The past few days, in Michigan, have definitely been sweater weather days.


----------



## stcolumba (Oct 10, 2006)

Just ordered one! Fortunately, they had my size- Medium. It will arrive next week.


----------



## TradTeacher (Aug 25, 2006)

Someone post pics of their's when it arrives.


----------



## stcolumba (Oct 10, 2006)

TradTeacher said:


> Someone post pics of their's when it arrives.


I shall do so. I am looking forward to the "new" 100% wool construction of the sweater with hopes that it will "breathe" better than the original. As other posters have written, the fit is supposed to be a tad slimmer than the original. And, I am glad that Bean is using the original maker.


----------



## Reds & Tops (Feb 20, 2009)

I just bit the bullet and ordered one...


----------



## Danny (Mar 24, 2005)

TradTeacher said:


> Someone post pics of their's when it arrives.


Yes please, I am interested to see it.

I have a vintage 80s one that I like very much. They seem to run small [the old ones] cause I have a L when I normally wear a M.


----------



## CMC (Aug 22, 2006)

Chance for a free one:


----------



## Memphis88 (Sep 10, 2008)

Just got mine today. It's bigger than I thought it'd be, given the talk of a slimmed down version. It's really bigger than I would normally like. If it were any other sweater I would likely return it. But it's not and I won't. I need to gain some weight, anyway. 

It does sort of bow out at the sides, though.

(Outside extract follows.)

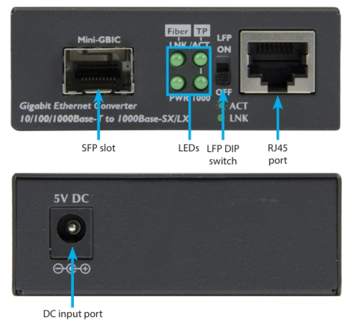 Se il link in rame sul lato A (la porta RJ45) va giù, il Media Converter A forza immediatamente lo spegnimento anche del suo link in fibra adiacente.
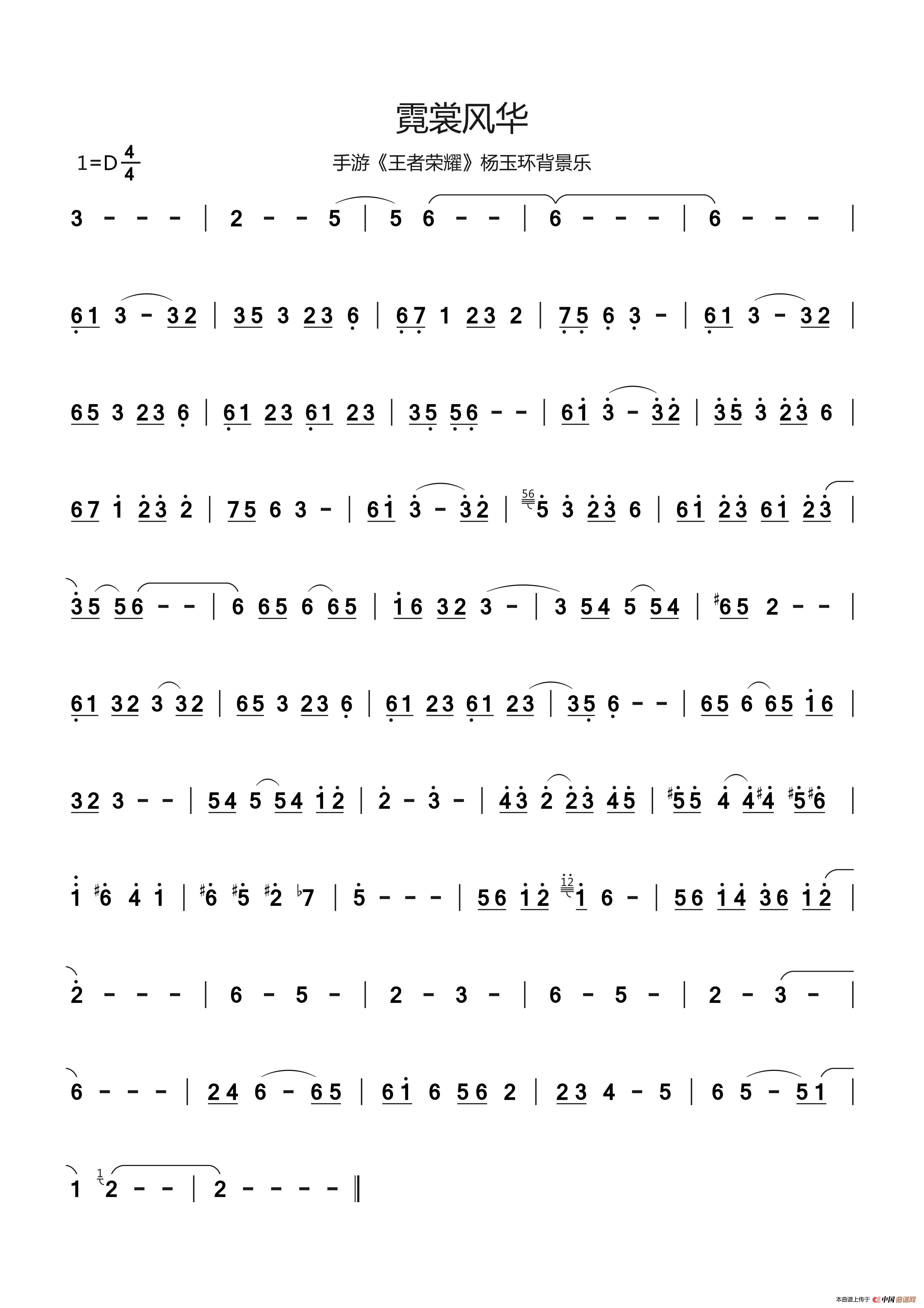霓裳风华(王者荣耀杨玉环登入背景乐主旋律简谱)

Is that normal?


----------



## Reds & Tops (Feb 20, 2009)

Do I remember from another thread that you are on the very slight side? 

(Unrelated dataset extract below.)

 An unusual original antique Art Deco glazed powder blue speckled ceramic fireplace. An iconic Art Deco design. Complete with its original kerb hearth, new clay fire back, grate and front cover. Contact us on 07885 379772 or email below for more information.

I'm hoping it's got some taper to it, but not super tight. 

Where does it bow out? Sweaters shouldn't be skin tight, IMO. A little fluff is fine.


----------



## Memphis88 (Sep 10, 2008)

Yup, 5'8 and 125 lbs.

Here are a few pictures:


----------



## Reds & Tops (Feb 20, 2009)

Too big all around I'd say. Is that a small? If not I'd definitely trade down a size...


----------



## stcolumba (Oct 10, 2006)

Memphis88 said:


> Just got mine today. It's bigger than I thought it'd be, given the talk of a slimmed down version. It's really bigger than I would normally like. If it were any other sweater I would likely return it. But it's not and I won't. I need to gain some weight, anyway.
> 
> It does sort of bow out at the sides, though. Is that normal?


What size did you order?

My sweater arrived today, also. 100% wool. No rayon as the sweaters of old had. This is definitely a sweater for COLD weather--very cold. Wouldn't you know, today is the warmest day that we've had in weeks. (Nearly 60 degrees.) I certainly could have used this sweater last week! This is a sweater for outdoor wear. It will be definitely a great sweater to wear in the biting cold wind.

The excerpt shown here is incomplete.